◆ **To do**: Leaving every picture out, please return exactly the lines from the top of the material below through the line with "Schwarzes Leder und", both included.

◆ **Information shown**:
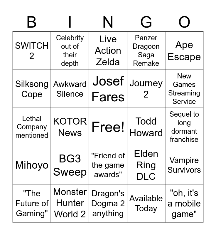 This bingo card has a free space and 24 words: BG3 Sweep, Monster Hunter World 2, Josef Fares, "The Future of Gaming", Ape Escape, SWITCH 2, Silksong Cope, Celebrity out of their depth, Todd Howard, "Friend of the game awards", Journey 2, Lethal Company mentioned, Elden Ring DLC, Vampire Survivors, Awkward Silence, Available Today, Sequel to long dormant franchise, Live Action Zelda, New Games Streaming Service, KOTOR News, "oh, it's a mobile game", Mihoyo, Panzer Dragoon Saga Remake and Dragon's Dogma 2 anything.
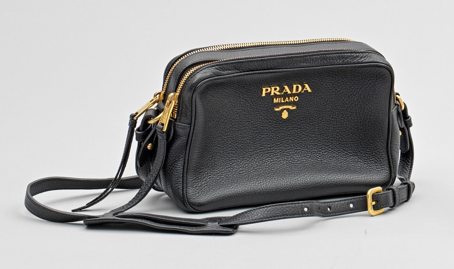 Schwarzes Leder und vergoldete Hardware. Rechteckiger Korpus mit zwei Reißverschlüssen und gerundeten Ecken. Schmaler Schulterriemen mit Schulterstück. PRADA-Schriftzug. Herstellerzeichen. Taschen-H. 14 cm. 22 cm x 8 cm.
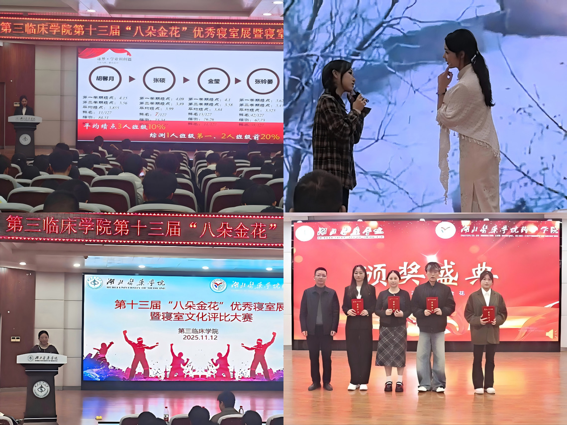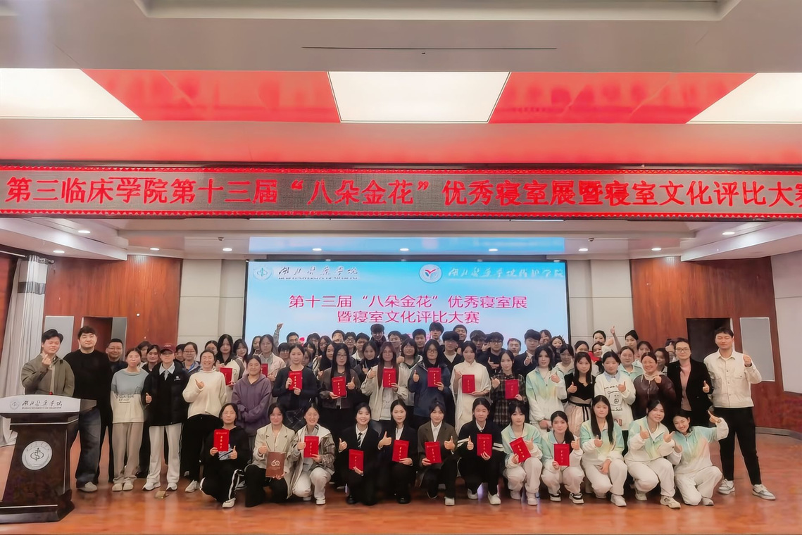 本网讯(通讯员 金莹 罗升)11月12日晚,第三临床学院在八号教学楼五楼报告厅举办第十三届“八朵金花”寝室文化评比大赛。学院党委副书记李芹、副院长李平飞、全体学工干部及学生代表参加了此次活动。

◆ **Answer to the problem**:
 This bingo card has a free space and 24 words: BG3 Sweep, Monster Hunter World 2, Josef Fares, "The Future of Gaming", Ape Escape, SWITCH 2, Silksong Cope, Celebrity out of their depth, Todd Howard, "Friend of the game awards", Journey 2, Lethal Company mentioned, Elden Ring DLC, Vampire Survivors, Awkward Silence, Available Today, Sequel to long dormant franchise, Live Action Zelda, New Games Streaming Service, KOTOR News, "oh, it's a mobile game", Mihoyo, Panzer Dragoon Saga Remake and Dragon's Dogma 2 anything.
 Schwarzes Leder und vergoldete Hardware. Rechteckiger Korpus mit zwei Reißverschlüssen und gerundeten Ecken. Schmaler Schulterriemen mit Schulterstück. PRADA-Schriftzug. Herstellerzeichen. Taschen-H. 14 cm. 22 cm x 8 cm.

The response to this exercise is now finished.